Im Juni 2015 hatten Bundesumweltministerin Barbara Hendricks (SPD), Kiels Umweltminister Robert Habeck (Grüne) und die damalige dänische Umweltministerin Kirsten Brosbøl (Sozialdemokraten) eine Erklärung unterschrieben, dass 2018 ein verpflichtendes Pfandsystem auch im Grenzhandel gelten soll. Damit soll die Vermüllung der Landschaft mit pfandfreien Dosen eingedämmt werden.
Man glaube nicht daran, dass die Vereinbarung in Kraft treten wird, erklärte Kammerdirektor Laurits Rønn der dänischen Nachrichtenagentur Ritzau. Ein Abkommen von 2009 habe ja auch zu nichts geführt. „Wir haben zehn Jahre lang gewartet, jetzt ist unsere Geduld erschöpft“, sagte Rønn. Die Klage wird ergänzt mit einem juristischen Gutachten, wonach die Abmachung gegen deutsches Recht und EU-Regelungen verstößt.
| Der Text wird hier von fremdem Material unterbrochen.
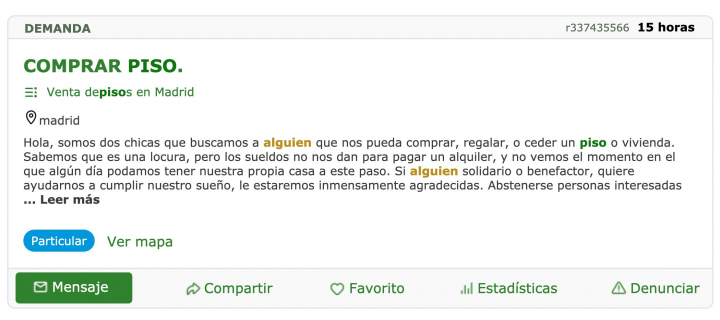 “Hola, somos dos chicas que buscamos a alguien que nos pueda comprar, regalar, o ceder un piso o vivienda”, comienza el breve texto, que se puede encontrar en Mil Anuncios dentro de la sección de venta de pisos en Madrid.
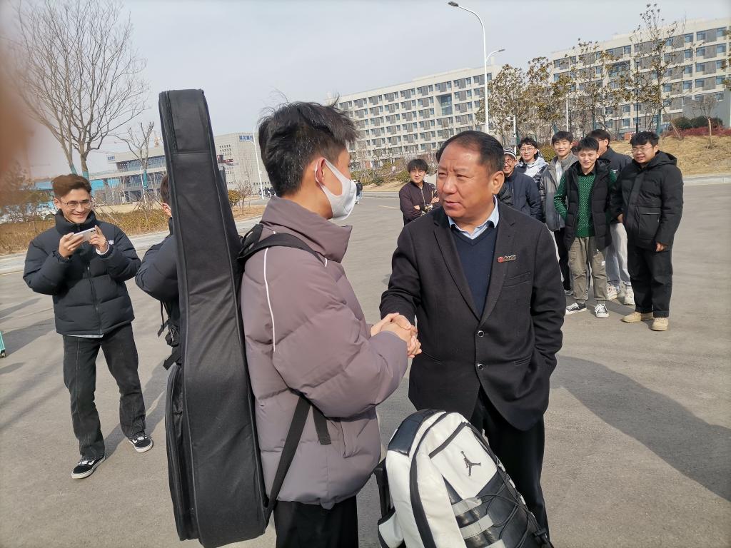 春日江山丽,和风花草香。2月23日,太阳网集团tcy8722党总支书记李永教授带领实践教学教研室负责人和办公室相关老师到豁然楼北面东西路为即将奔赴枣庄市各地区支教的14位同学送行。
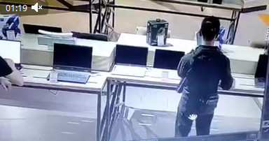 Кадрдан жаш жигиттин акыркы үлгүдөгү Apple MacBook үлгүсүндөгү ноутбуктун капкагын жаап, анан келгендердин көзүнчө баштыкка салып, дүкөндөн чыгып кеткен.
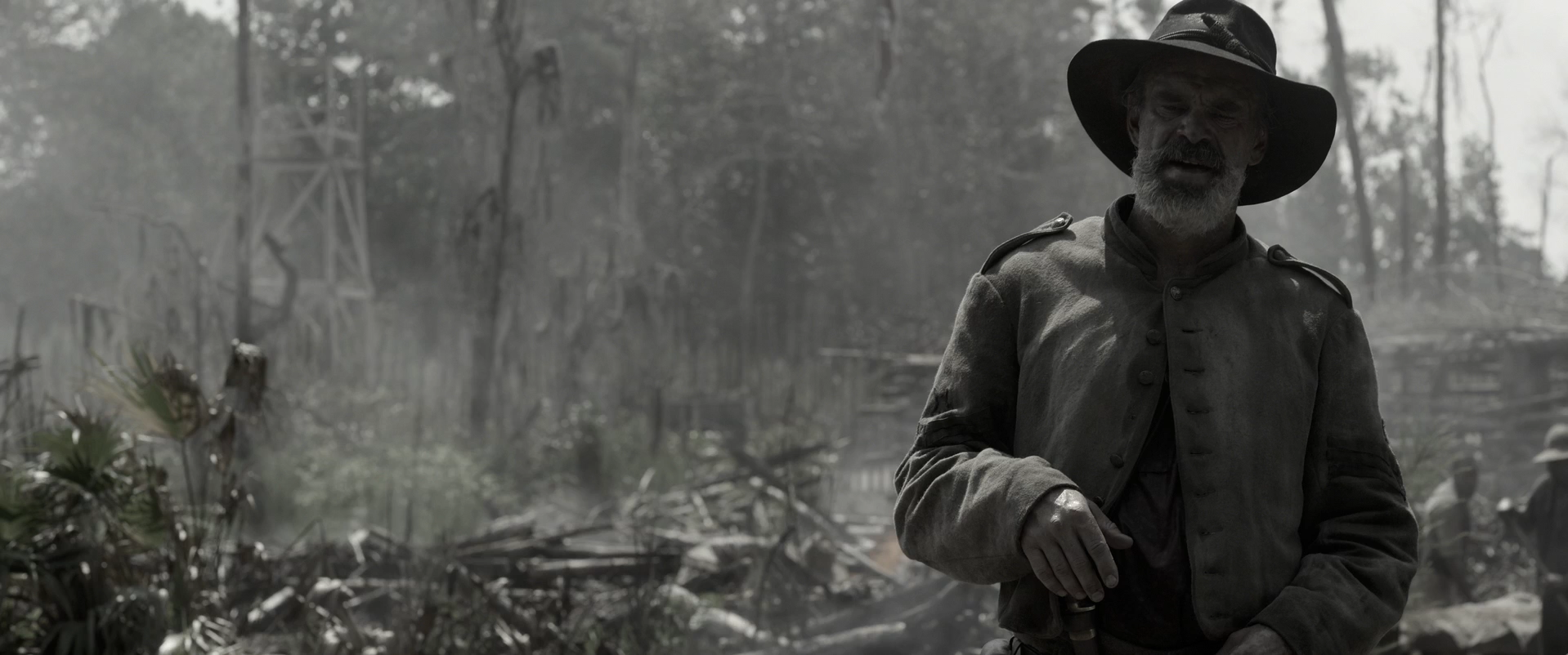 Цветопередачу как то не оценил. Весь фильм на болотах и в конце немного сражений. В красках было бы поинтереснее смотреть. В целом фильм жуткая заказная BLMщина. Оскар у ребят уже в кармане я думаю. Ну и конечно отметил, что преследователи крайне невероятным образом постоянно везде настигали беглеца на лошадях учитывая, что это болота. Т.е везде какие то дороги все таки есть. Да и любая собака бы след потеряла в таких условиях.
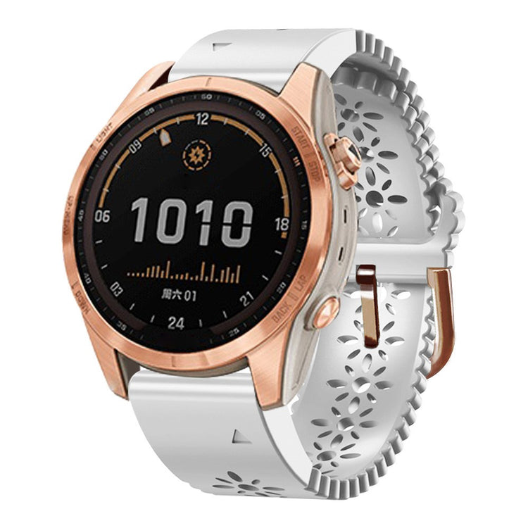 Entscheiden Sie sich für das Hollow-out Flower Pattern Silicone Watch Band als ideales Zubehör für Ihre Garmin Fenix 7S, 6S Pro, 5S Plus oder Instinct 2S! Hergestellt aus öko-freundlichem Silikonmaterial, bietet es zahlreiche Vorteile für den aktiven Lebensstil. Das Band ist wasserdicht und schweißfest, sodass es in jeder Situation eingesetzt werden kann, sei es beim Sport oder im Alltag. Die hollow out flower pattern Gestaltung verleiht Ihrem Smartwatch-Band einen stilvollen Akzent, der Ihre persönliche Note unterstreicht. Zudem ist die Größe individuell einstellbar, was höchsten Tragekomfort garantiert. Die klassische Nadelverschluss-System ermöglicht ein einfaches An- und Ablegen des Bands. Mit verschiedenen Optionen erfüllt dieses Armband unterschiedliche Stilbedürfnisse und ist die perfekte Ersatzlösung für Ihr altes, defektes Band. Gönnen Sie Ihrer Uhr das Upgrade, das sie verdient – für einen Hauch von Style und Funktionalität!
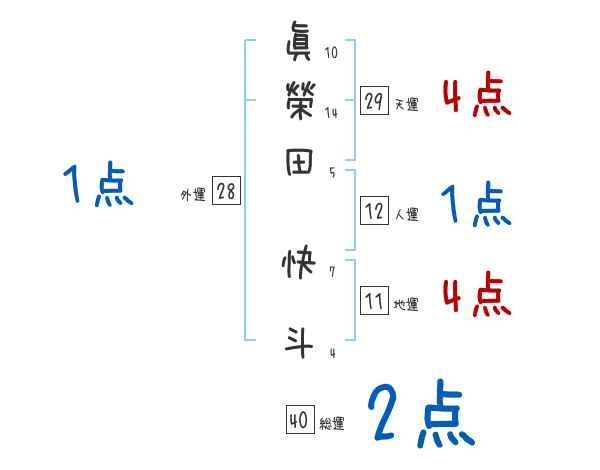 天運![]() | 眞榮田快斗さんの天運は29画の4つ星!完全主義で才能がある。厳格な心の持ち主。 家系が持つ宿命的な運勢を表します。祖先から受け継いだ苗字ですので自分の力が及びません。家柄を象徴します。 |
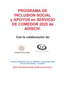 Este proyecto , presentado a la convocatoria de ayudas de acción social de la Comarca de Cinco Villas en el ejercicio 2025 , y en el cual los usuarios de la entidad a través de sus apoyos han podido realizar actividades de inclusión en la comunidad ( salidas a actividades culturales, actividades especificas de sevillanas o danzaterapia entre otras , actividades con voluntariado del hogar de mayores de Ejea, participación en actos festivos… ) y así mismo aquellos usuarios que hacen uso de los servicios de comedor en atención de día, recibir el apoyo necesario en este servicio. Agradecer de nuevo a la Comarca de Cinco Villas el apoyo a la entidad ADISCIV, en este caso a este proyecto que sin duda mejora la calidad de vida de las personas con discapacidad intelectual y sus familias.

„Wir finden diese Klage befremdlich und unverständlich“, sagt Dierk Böckenholt, Hauptgeschäftsführer des Einzelhandelsverbandes Nord. „Jetzt muss sich die dänische Regierung äußern. Wir sehen das aber gelassen. Getränke pfandregelungen sind in erster Linie nationales Recht.“ Dänemark sei bereits 2004 mit einer Klage gescheitert. Das Oberverwaltungsgericht Schleswig habe 2003 bestätigt, dass die Praxis rechtmäßig ist.
„Wir stehen zu der Vereinbarung. Der Ball liegt nach wie vor im dänischen Feld“, sagt Nicola Kabel vom Kieler Umweltministerium. „Die Vereinbarung wird erst wirksam, wenn Dänemark ein flächendeckendes Netz von Rücknahmestationen aufgebaut hat, die die diskriminierungsfreie Rücknahme gegen Erstattung des Pfandes ermöglichen“, ergänzt sie.
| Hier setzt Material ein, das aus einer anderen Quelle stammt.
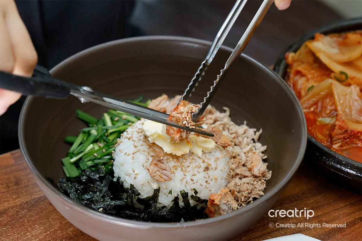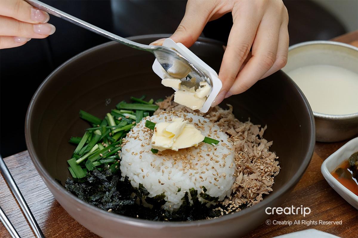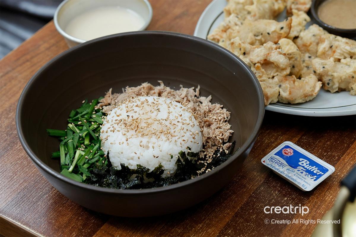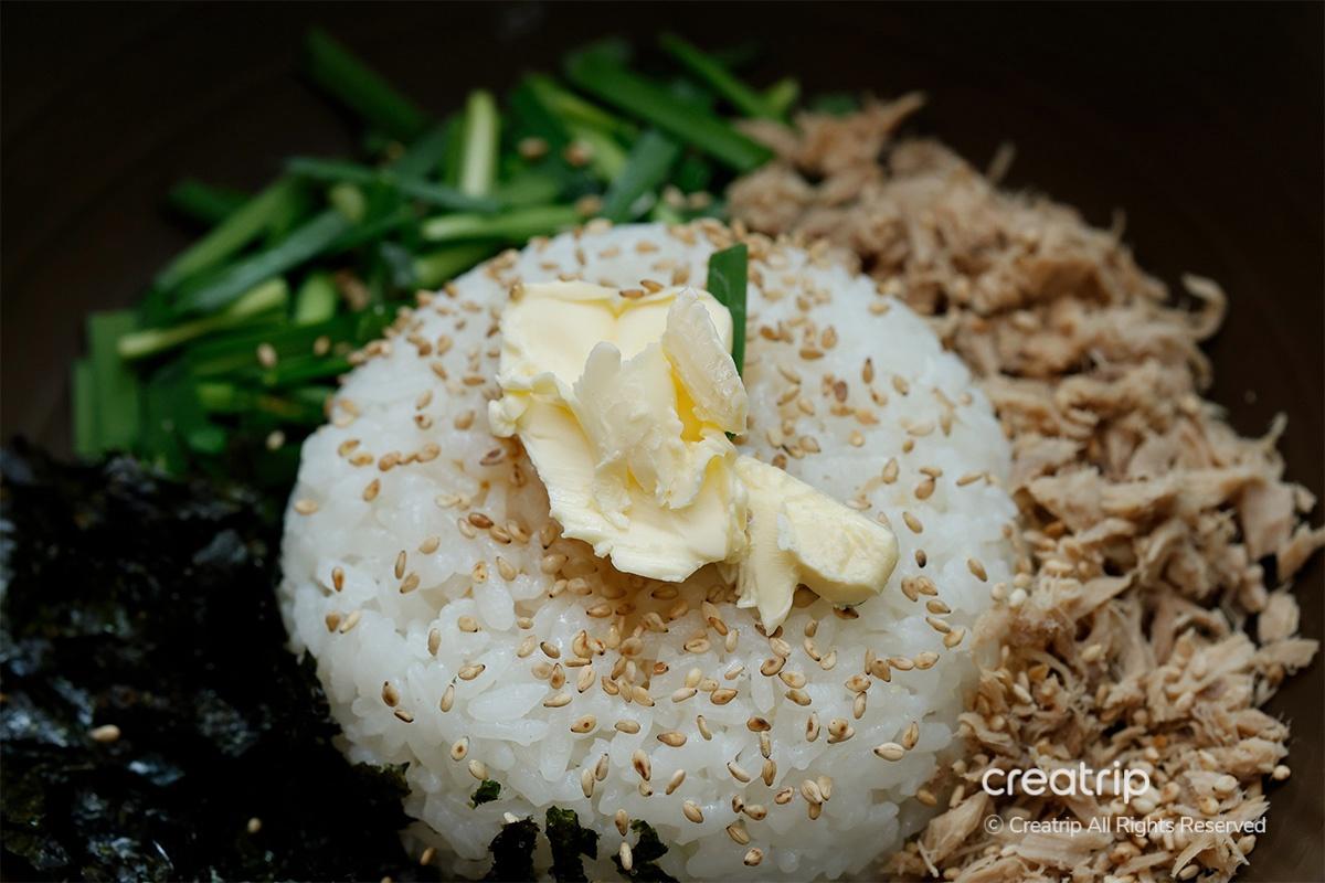 不是一般的米飯,而是添加了金槍魚、韭菜、紫菜粉、香油、黃油,可以完美組合拌着吃的菜品。
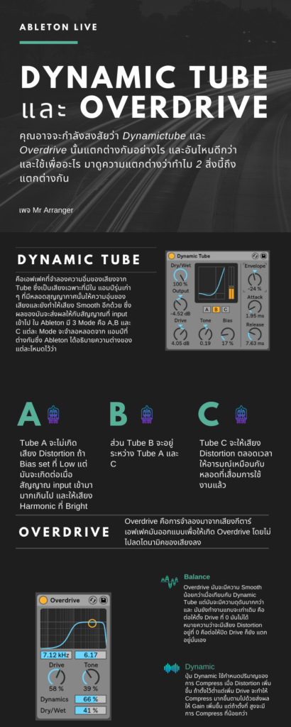 Ableton ความแตกต่างระหว่าง Dynamic Tube และ Overdrive

Dänemarks Umwelt- und Ernährungsminister Esben Lunde Larsen reagierte zurückhaltend. Er werde sich jetzt darüber informieren, was diese Klage für den Fortgang der Pfandvereinbarung bedeutet. „Zunächst werde ich Kontakt mit den deutschen Partnern der Abmachung aufnehmen und beraten, ob sie zunächst ausgesetzt werden sollte, bis über die Klage entschieden ist“, zitiert die Agentur Ritzau den Minister.
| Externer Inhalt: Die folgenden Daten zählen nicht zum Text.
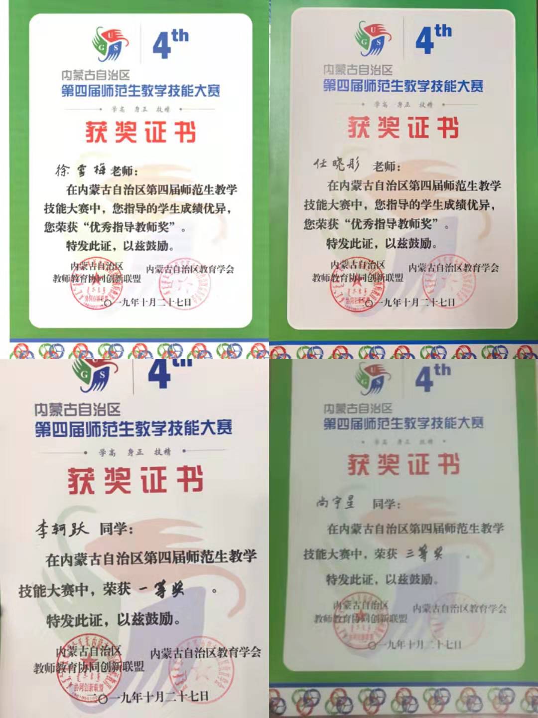 2019年10月25日至28日,由内蒙古自治区教师教育协同创新联盟和内蒙古自治区教育学会共同主办的内蒙古自治区第四届师范生教学技能大赛在内蒙古民族大学举行。来自全区六所高校的14名选手展开了激烈角逐,公司李轲跃同学荣获汉语言文学(汉语)组一等奖,尚宇星同学获三等奖。指导教师任晓彤、徐雪梅荣获“优秀指导教师奖”。
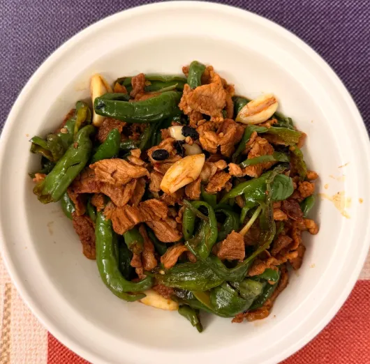 特色菜:辣椒炒肉这道菜看着简单,其实讲究。肥肉要切得薄,先下锅煸出油,那股猪油香是灵魂。本地的螺丝椒拍裂,在油里滚得起虎皮,吸饱了肉香。最后瘦肉下锅,大火猛炒,酱油一烹,镬气十足。汤汁千万别浪费,拌着白米饭吃,油润香辣,一口下去,人就醒了。
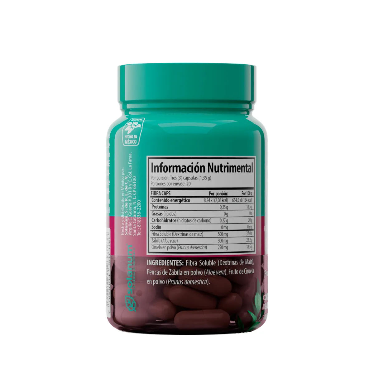 Cápsulas Vegetal de Fibra Soluble con Aloe Vera y Ciruela.
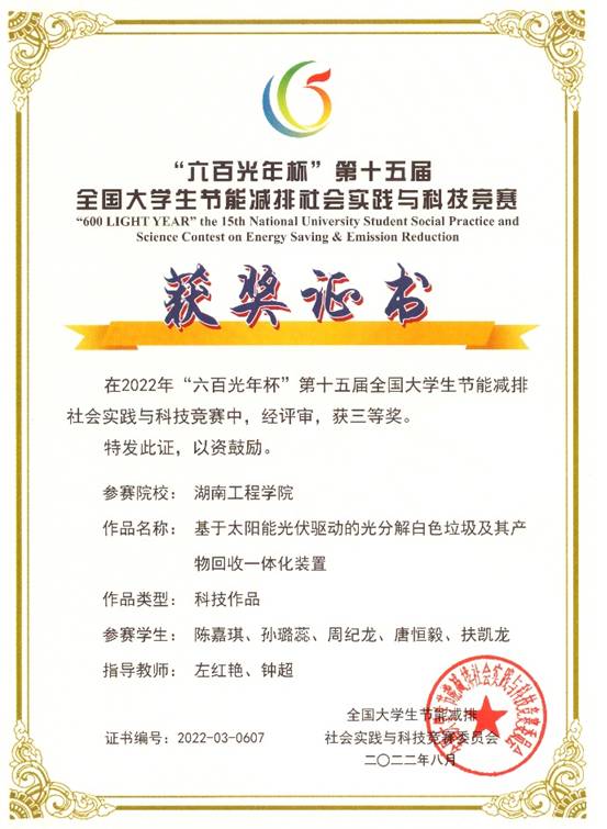 本届大赛共608所高校员工参加,提交有效作品近6000件。2022年8月5日,“六百光年杯”第十五届全国老员工节能减排社会实践与科技竞赛落下了帷幕。经过激烈的角逐,太阳成tyc122cc参赛作品《基于太阳能光伏驱动的光分解白色垃圾及其产物回收一体化装置》(参赛员工:工业工程1901班陈嘉琪、孙璐蕊、周纪龙、工业工程1902班唐恒毅、扶凯龙;指导老师:左红艳、钟超)在本次竞赛中荣获大赛三等奖。
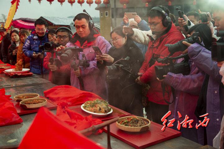此次活動以村(社區)名義組隊,充分調動各方積極性,還鼓勵返鄉青年參與,為活動注入全新活力。碗米坡鎮返鄉創業青年代表田宏飛、李健是拔茅村“鳥語茶香隊”的村廚,他們烹制的土家傳統牛頭宴,一上桌便吸引眾人目光,這道菜不僅展現了土家族新春招待貴客的隆重與熱情,更承載著濃厚的民族文化底蘊。田宏飛感慨地說“村廚村藝大曬”讓他的創業道路有了清晰方向,他希望打造地道村味,讓家鄉美食走上更多人的餐桌。
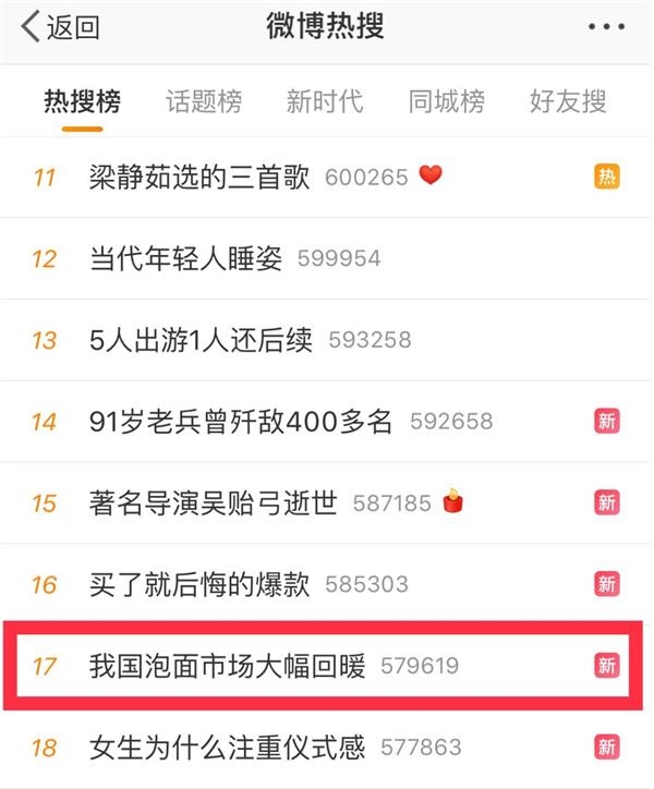 “方便面+火腿肠+榨菜”的温暖组合,在成为绿皮火车的遥远记忆后,又成为这个中秋节踏上团圆之旅的游子们,在高铁上新的温馨回忆。随着方便面的再次流行,9月14日,“我国泡面市场大幅回暖”甚至登上了微博热搜。

Christian Risch und Rüdiger Wenzel

Das Pfandmodell im Grenzhandel

Am 10. Juni 2015 unterschrieben die Umweltminister aus Berlin, Kiel und Kopenhagen eine gemeinsame Erklärung, ab 2018 auch im deutsch-dänischen Grenzhandel ein Pfandsystem einzuführen. Der Kieler Umweltminister Robert Habeck nannte die Ausnahme „umweltpolitisch falsch“, weil Millionen von pfandfreien Dosen im Müll oder – noch schlimmer – in der Landschaft oder im Meer landen. Das Modell: Dänische Kunden sollen beim Einkauf in Deutschland eine dänische Krone Pfand pro Dose zuzüglich der deutschen Mehrwertsteuer zahlen. Die leeren Dosen können die Kunden dann in Dänemark zurückgeben und kassieren dort eine Krone Pfand. Der Preis pro Dose dürfte sich durch diese Regelung geringfügig um etwa zwei Cent pro Dose erhöhen, argumentiert das Kieler Umweltministerium.